$1^0 = 1\to 1 =1$
$x^1=x\to x=x\;\forall x$.
$9^2 = 81\to 8+1=9$
$8^3=512\to 5+1+2=8$.
$7^4=2401\to 2+4+0+1=7$
$46^5 = 205962976\to 2+0+5+9+6+2+9+7+6=46$
$64^6 = 68719476736\to 6+8+7+1+9+4+7+6+7+3+6 = 64$
$68^7= 6722988818432\to 6+7+2+2+9+8+8+8+1+8+4+3+2 = 68$
$54^8 = 72301961339136\to 7+2+3+0+1+9+6+1+3+3+9+1+3+6=54$
$71^9 = 45848500718449031$
$\downarrow$
$4+5+8+4+8+5+0+0+7+1+8+4+4+9+0+3+1 = 71$
Conjecture:
Given a positive integer $b$, there exists a positive integer $a$ such that the digit sum of $a^b$ is equal to $a$.
Can this be proven? I don't know how to prove it; it was about 3:45am in the morning and I couldn't go to sleep, so I just went on my calculator and messed around because I was bored. That's when I noticed this cool property and decided to share it here.
It is now 4:35am so... I gotta go to bed. I'll see you in some hours and hopefully gather the time to work on this. Sorry about that!
Oh, incidentally, I also noticed that the digit sum of $29^5$ is $23$ and the digit sum of $23^5$ is $29$, so... there are cycles here. Same for $31$ and $34$. Also, the digit sum of $13^2$ is $16$ and the digit sum of $16^2$ is $13$. These cycles seem to only have two numbers involved, but I think regarding the seventh power, there is more than two involved (start with $72^7$ I think), however there is also a cycle between two numbers of seventh powers (between $44$ and $62$). Does this help? I don't know.

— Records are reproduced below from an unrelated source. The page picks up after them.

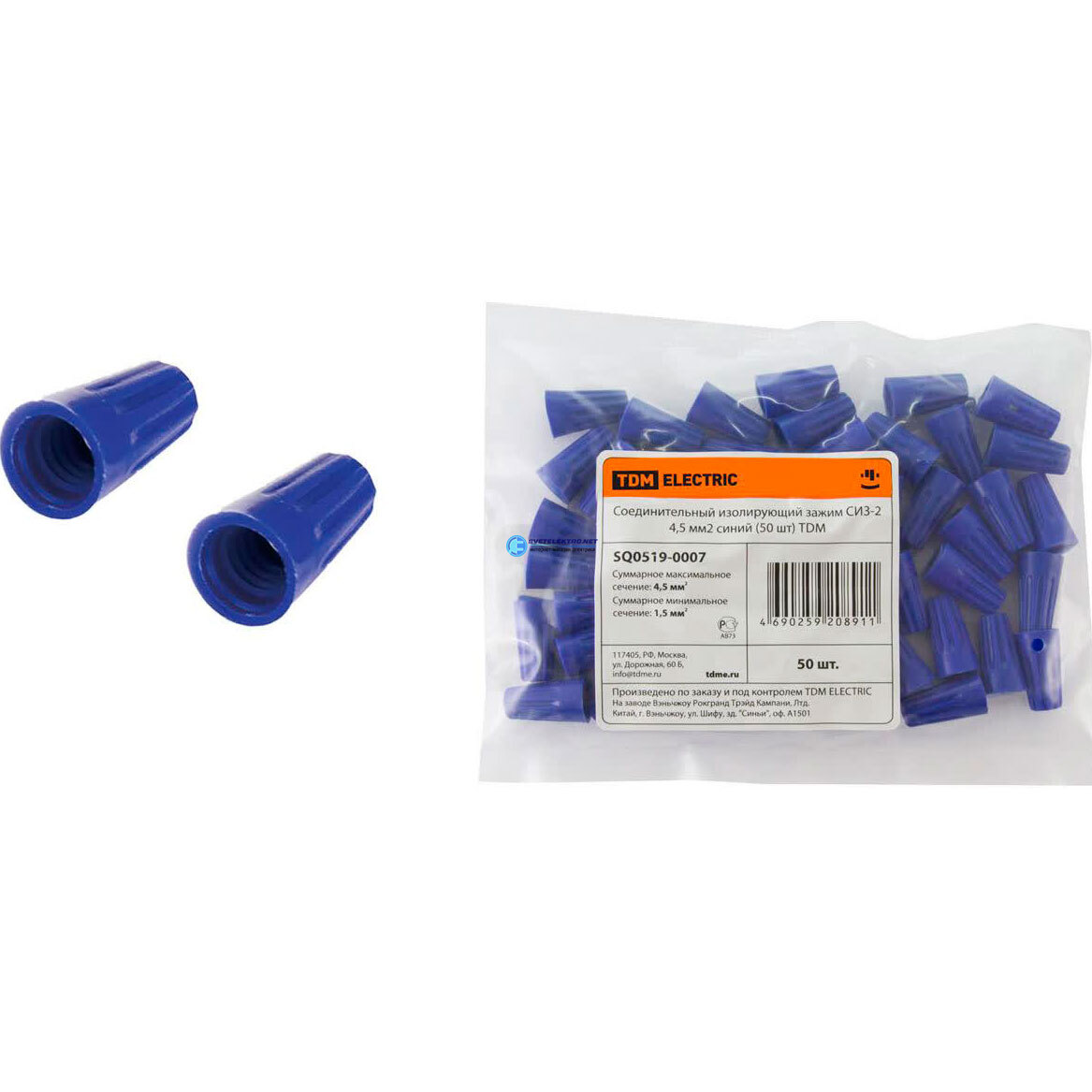 Соединительный изолирующий зажим СИЗ-2 4,5 мм2 синий (50 шт), код SQ0519-0007, производитель TDM
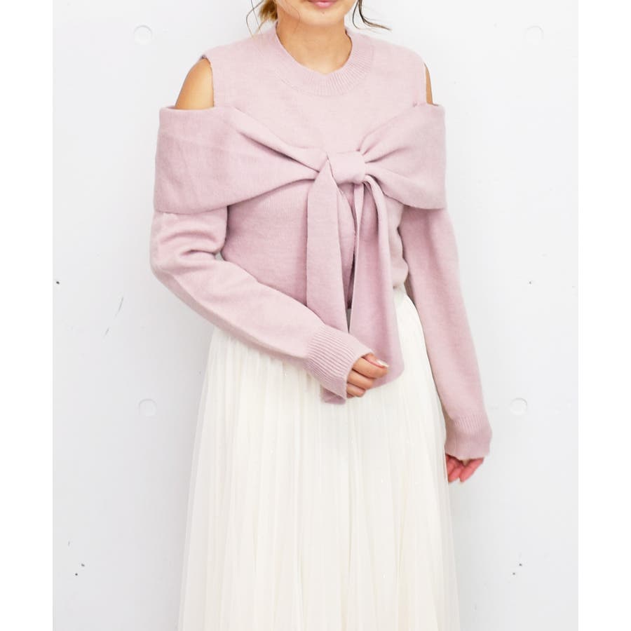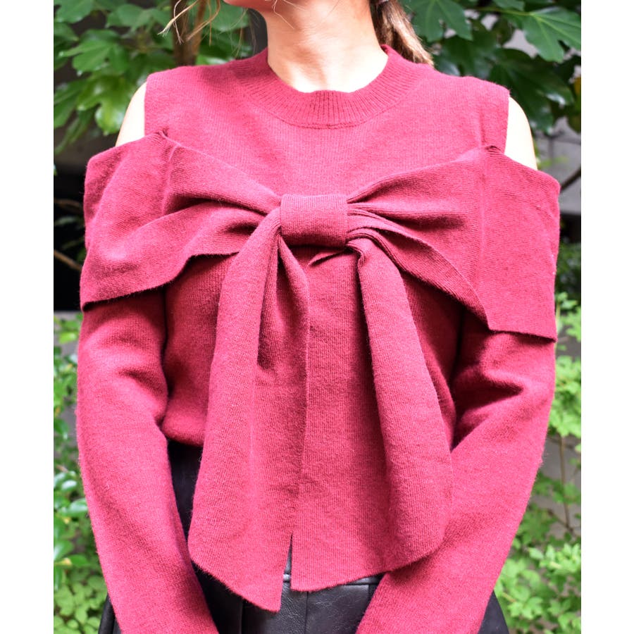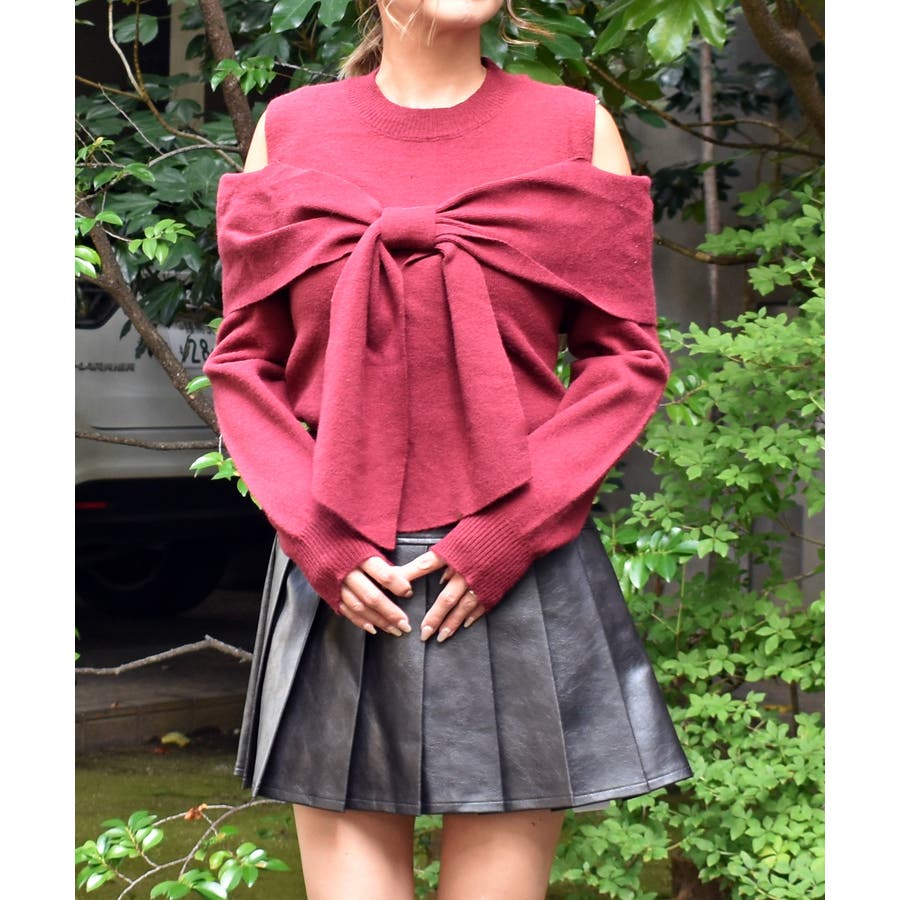 フロントにあしらわれた立体的なリボンが、コーディネートの主役になる華やかさを演出。
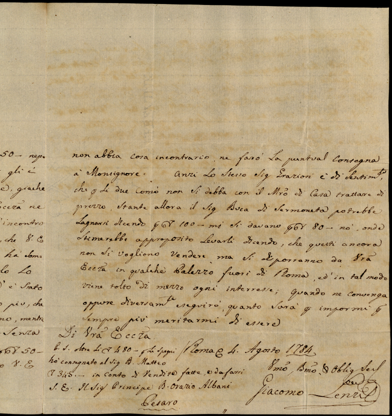 Lettere diverse ricevute in Colbordolo, Pesaro e Senigallia nel 1784
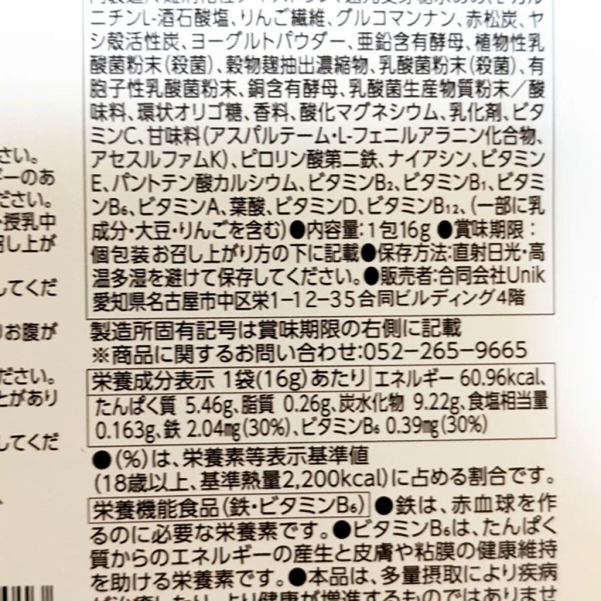 - 炭2種・トリプル食物繊維・ビタミンミネラル15種類・乳酸菌5種類・ソイプロテイン

I have to go to bed. Good night!
Thank you in advance.
Sorry for having to put this in the answer section (as I don’t have the reputation to add comments yet) but this seems like a really interesting problem. I noticed with b=2, the value you get when you square it and add the digits seems to end up being 9 more frequently than average (the values I got were 1,4,9,7,7,9,13,10,9,1,4,9,16,16, 9 etc). This may be the first step. Alternatively you could plot the values of a and b, so plot (1,1), (2,4), (3,9), (4,7) etc and where these points fall onto the line y=x, you get a solution (for b=2, (9,9)).